__Work to be completed__: Each line below should be repeated exactly, but no picture should be carried over.

__Source data__:
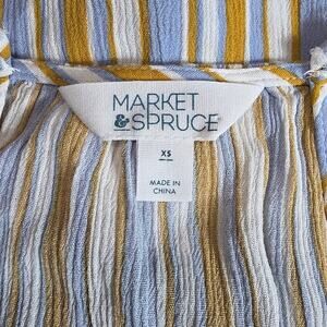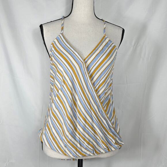 Market & Spruce Wrap Tank Women XS Blue Mustard Stripe Rayon Cami Top casual
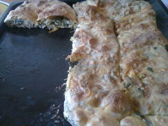 Vlečeno testo pripravim kot za jabolčni študelj (moka, rumenjak, topla voda, ščepec soli, pred počivanjem hlebček naoljim z olivnim oljem).
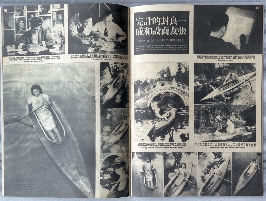 1941年10月出版的第171期,《良友》罕见地公开了封面制作全过程:铅笔设计草图、美编剪贴着色完成彩色稿、摄影师户外拍摄模特与道具、编辑选图、照片着色、制版印刷。这套流程,与今天时尚杂志的封面生产并无本质区别。

__Exercise solution__:
 Market & Spruce Wrap Tank Women XS Blue Mustard Stripe Rayon Cami Top casual
 Vlečeno testo pripravim kot za jabolčni študelj (moka, rumenjak, topla voda, ščepec soli, pred počivanjem hlebček naoljim z olivnim oljem).
 1941年10月出版的第171期,《良友》罕见地公开了封面制作全过程:铅笔设计草图、美编剪贴着色完成彩色稿、摄影师户外拍摄模特与道具、编辑选图、照片着色、制版印刷。这套流程,与今天时尚杂志的封面生产并无本质区别。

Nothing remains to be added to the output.